Oberes Schloss Greiz

Im Nordwesten der Altstadt erhebt sich das Obere Schloss Greiz als Höhenburg auf einem etwa 50 m hohen, schmalen Bergkegel. Sein schlanker Bergfried liegt erhöht und weithin sichtbar auf einem Felsen. Seit dem Ende des 13. Jh. war die vor 1189 er­richtete Höhenburg im Besitz des Hauses Reuß. Die ellipsenförmige Burganlage umfasst mittelalterlichen Palas und Doppelkapelle, Renaissancetrakt und barockes Hohes Haus.
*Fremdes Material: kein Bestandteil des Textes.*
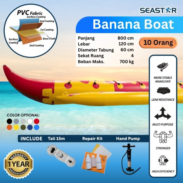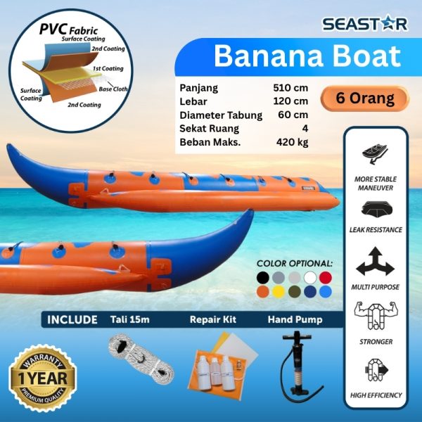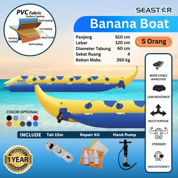BANANA BOAT SBB 5 Kapasitas : 5 Orang Panjang : 510 cm Lebar : 120 cm Diameter tabung : 60 cm Sekat ruang : 4 Kap. Berat penumpang : 350 kg
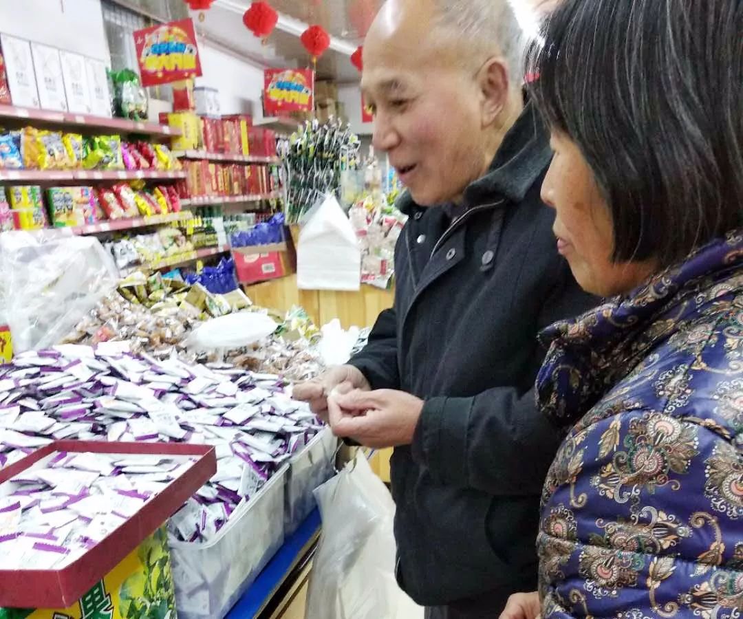 小曾购物超市里的肖老太南酸枣糕倍受老年朋友欢迎。
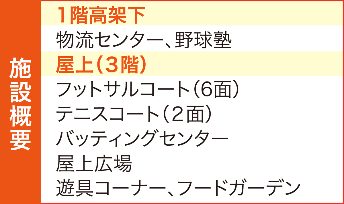 ラグビーW杯や東京五輪・パラリンピックの開催を控える中、横浜にはグラウンドが少ないことから、スポーツ施設のテナントを誘致。フットサルコート・テニスコートが整備され、バッティングセンターや野球塾も開業。また同社が運営するフードガーデンも併設され「スポーツ」と「食」を通して地域の健康を支援する。「体を動かし、地域の人々と交流できる場所になれば」と同社担当者は話す。
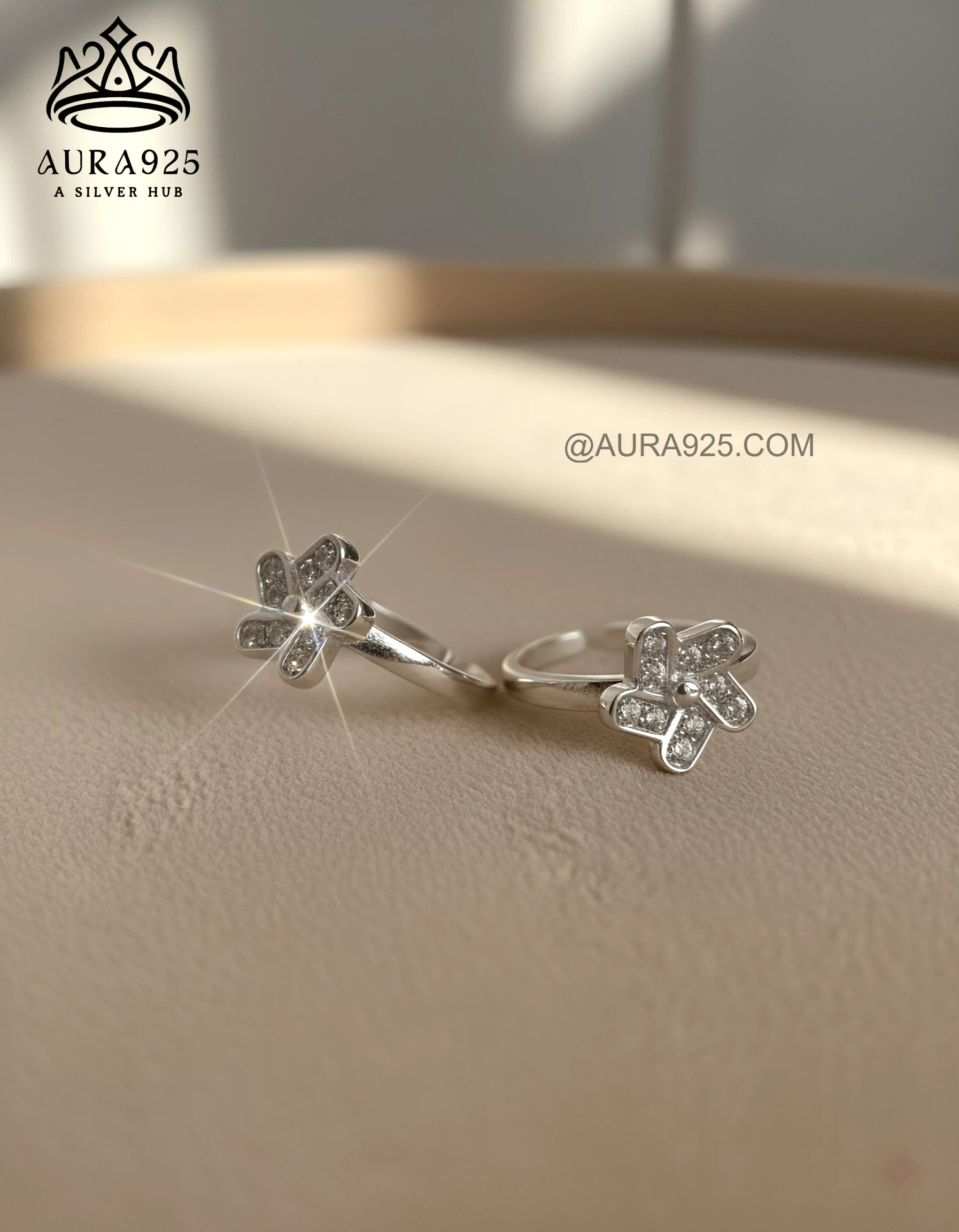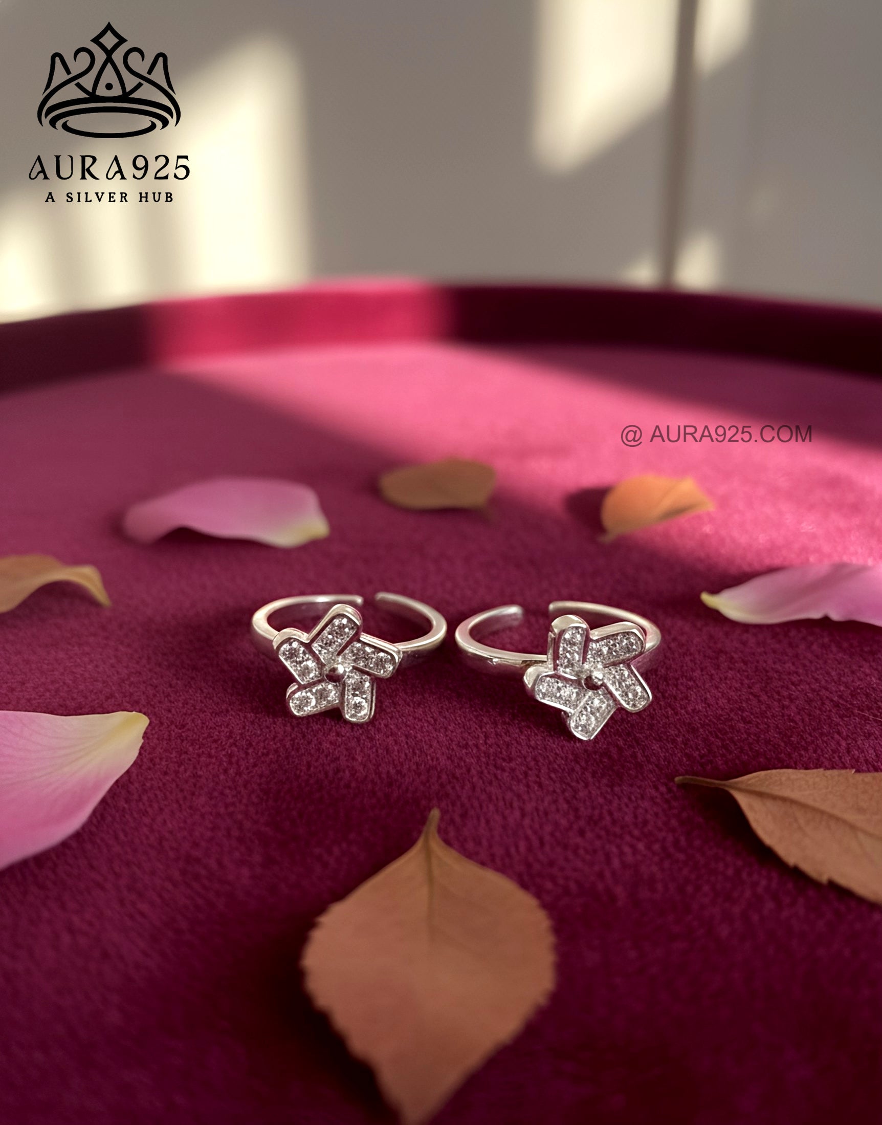 🌟 Dazzling Silver 925 Flower Toe Rings 🌟
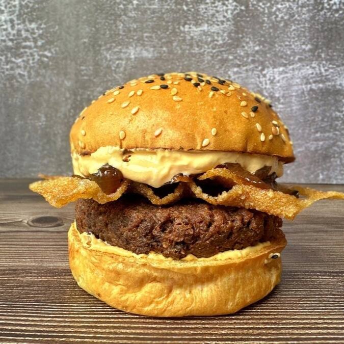 Nosso Onion Crispy Burguer, possui Pão Brioche Vegano, Cebola Crocante, Ketchup, Queijo Mussarela Plant Based, Hamburguer Vegetal (Bacon e Picanha Veg) de 130g!
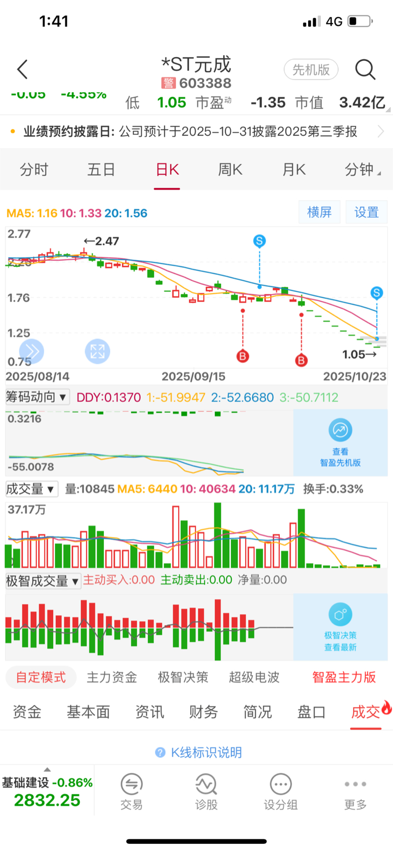 $*ST元成(SH603388)$ 谢谢买我票的大哥,这股真是死里逃生,把我从苏吴赚的都亏里面了。以后立案调查的一律不碰,再碰就扇自己的脸
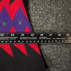 Condition: Excellent condition. Vibrant southwestern zig-zag pattern in red, purple, and black with green accents. Features snap button front, two front pockets, and full satin lining. Made in USA — a true heritage western piece with iconic Pendleton craftsmanship.
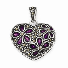 Sterling Silver Marcasite Purple Enamel Flower in Heart Pendant
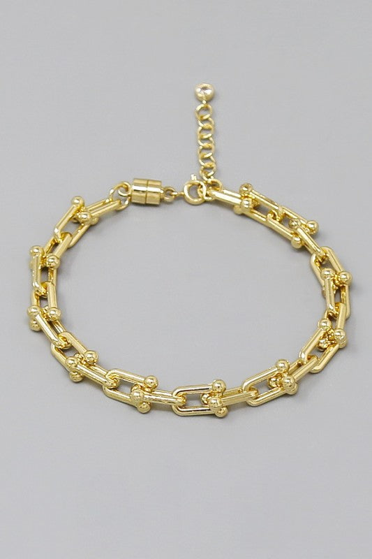 Gold Horse Bit Link Chain Bracelet
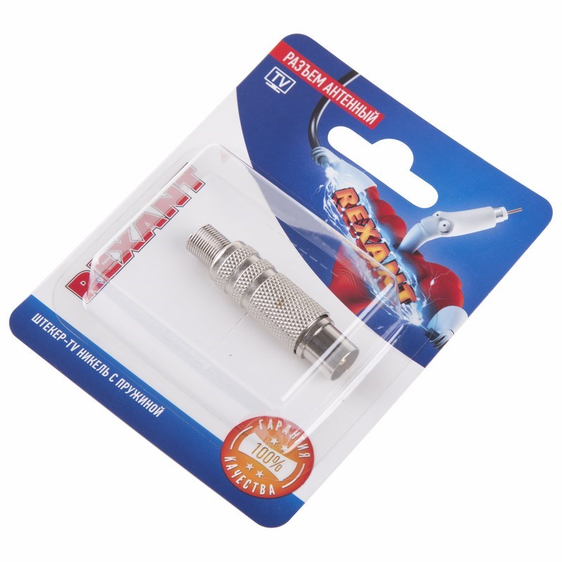 Никелированный TV-разъем штекер REXANT с пружиной предназначен для подключения эфирного, спутникового и кабельного телевидения с помощью радиочастотного кабеля.
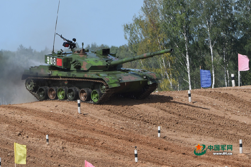 908号96A式坦克在连续通过涉水路段和雷场等障碍后,开足马力高速冲上土岭。特约记者吴苏琳
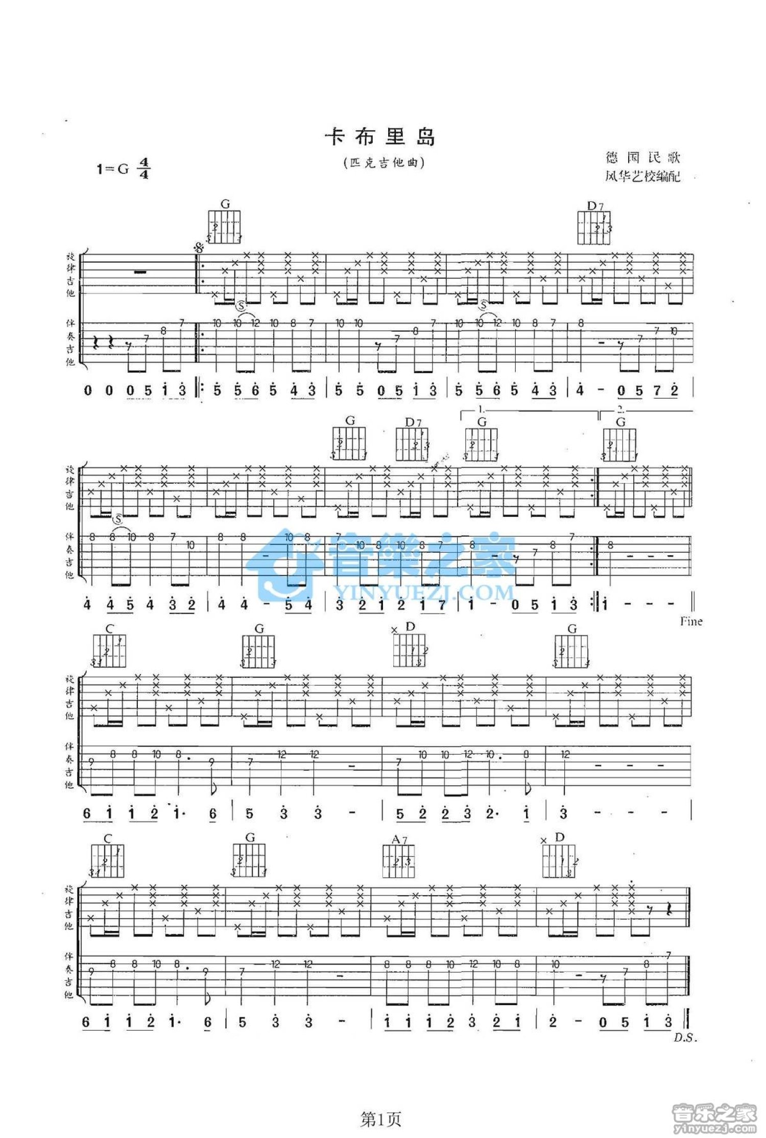 曲谱介绍: G调版德国民歌《卡布里岛》吉他弹唱六线谱

Seitdem Ende des 18. Jahrhunderts das modernere Untere Schloss Hauptresidenz wurde, beherbergte das Obere Schloss die Landesverwaltung.

In Sichtweite des Oberen Schlosses befindet sich das Untere Schloss knapp 200 Meter süd­östlich. Die dortige Jüngere Linie des Hauses Reuß starb nach fast 200 jähriger Regierungszeit 1768 aus. Als Reuß Älterer Linie zehn Jahre später in den Reichsfürstenstand erhoben wurde, wählte sie als Hauptresidenz das modernere Untere Schloss. Im Nordosten wird dessen klassizistische, dreiseitige Anlage von der Stadtkirche St. Marien begrenzt. Sie bildet mit dem Unteren Schloss ein Ensemble. Nach einem verheerenden Stadtbrand 1802 wurde das Untere Schloss wieder klassizistisch aufgebaut und 1884/85 um das gründerzeitliche Ida-Palais mit Wintergarten und Zwiebelturm ergänzt.

Summer Palace and Park in Greiz

Westlich des Schlossberges erstreckt sich am Ufer der Weißen Elster der beinahe 50 ha große Fürstlich Greizer Park. Der ursprünglich barocke Lustgarten wurde seit 1800 zum Englischen Landschaftsgarten umgestaltet. Inmitten des Fürstlich Greizer Parks wurde nach 1768 ein Sommerpalais errichtet, als nach dem Aussterben von Reuß Jüngerer Linie beide Häuser wieder zusammen gelegt worden waren. Das klassizistische Sommerpalais ist in nur knapp 300 m Luftlinie vom Oberen Schloss entfernt gelegen und von dort gut sichtbar. Der Hof ­zog hierhin alljährlich für die Sommermonate um.